On a drive through central Texas recently, I admired the colorful splashes of wildflowers along the highways. I couldn’t help but think about how the showy blooms started as small seeds that lay dormant in the ground for months and then slowly started to germinate before finally sprouting through the surface, ready to join the world of the top-dwellers. If a seed could talk, what would it say of that journey? Of the patience and perseverance required of it?

Maybe it’s just me who personifies seeds on an otherwise perfectly normal drive, but I do think there’s a lesson here for our students. We all get impatient sometimes. And when waiting also requires some work or effort, perseverance is sometimes hard to come by. But by encouraging our students to be like seeds — to grow at their own rate and continue trying no matter the obstacles — their patience and perseverance will pay off.

Planting the Seeds

So, how do we build an environment where this mindset is cultivated? Here are a few suggestions to help you get started:

  • With Hands-On Learning: We all know that most students don’t want to sit and listen to a lecture. They want to get involved and actively learn. As you plan your next lesson, make sure to incorporate hands-on activities that get your students up, moving, and engaged. When we facilitate learning experiences for students, their minds will be active and thinking as well.
  • With Collaboration: We should always strive to make teamwork an essential part of learning. After all, the real world is built on communication and collaboration. Every great feat of science – from space shuttle launches to the development of new medicine – requires a team of scientists, mathematicians, and engineers working together. Employers are searching for people who get along, work together, and share ideas. Get your students prepared by introducing cooperation and collaboration early.
  • With Healthy Failure: Mistakes are an essential part of education. We learn through iteration. Trying, testing, failing, starting over with new data and new hypothesis. A good classroom experience takes this principle to heart by regularly sending students back to their work for reflection and refinement.
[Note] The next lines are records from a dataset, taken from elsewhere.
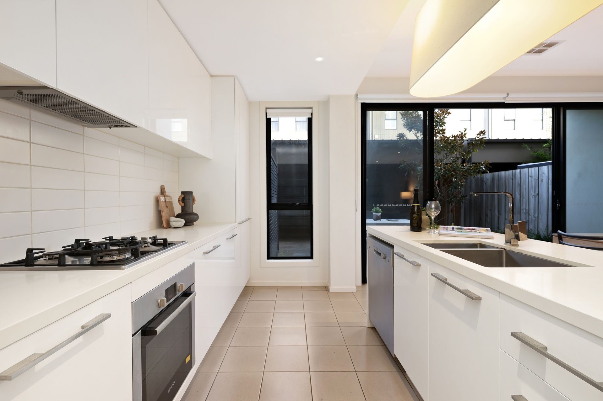 The light-filled open-plan living, dining, and kitchen area is spacious and welcoming, with a cleverly concealed laundry and a convenient powder room for guests. The kitchen is well-appointed with an island bench, Bosch appliances including a gas cooktop, oven and dishwasher, and ample storage.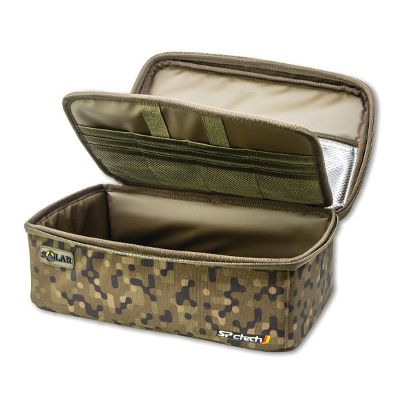 Die Solar SP C Tech Large PVA Station ist eine Aufbewahrungsstation mit einem großen Hauptfach und einer zentralen Magloc-Trennwand mit zwölf Netztaschen. Sie verfügt über elastische Werkzeughalter, eine PVA-Protect-Gewichtstasche, eine PVA-Protect-Tasche im Deckel und einen wasserdichten Boden. Die Solar SP C Tech Large PVA Station besteht aus recyceltem, wasserdichtem Solar G-Tex-Gewebe und ist in Vertabr8-Bauweise gefertigt.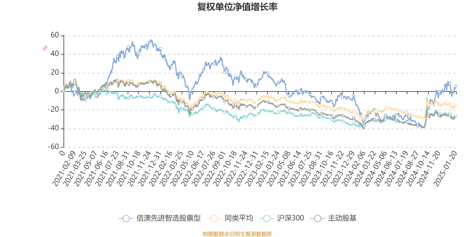 终了1月20日,信澳先进智造股票型近三个月复权单元净值增长率为16.95%,位于同类可比基金1/74;近半年复权单元净值增长率为40.60%,位于同类可比基金1/74;近一年复权单元净值增长率为32.74%,位于同类可比基金5/74;近三年复权单元净值增长率为-21.12%,位于同类可比基金42/73。

Not only will this prepare them for the real world, but it will also foster perseverance.
  • With Cross-Curricular Learning: An effective classroom involves cross-curricular learning. It’s all too easy for subjects to get siloed and isolated from other ideas. Students learn better when their knowledge is interconnected. Good learning, particularly STEM learning, shows students how something like math can influence healthy nutrition. How science and vocabulary are tied together, and much, much more.

Growing Strong

True growth only occurs when we are consistent, intentional, and prepared to adapt when change arises. It’s a difficult job, but by putting down roots now, students will be able to expand their minds in ways we can only begin to imagine. So, let’s get to work, there’s so much out there for our students to discover!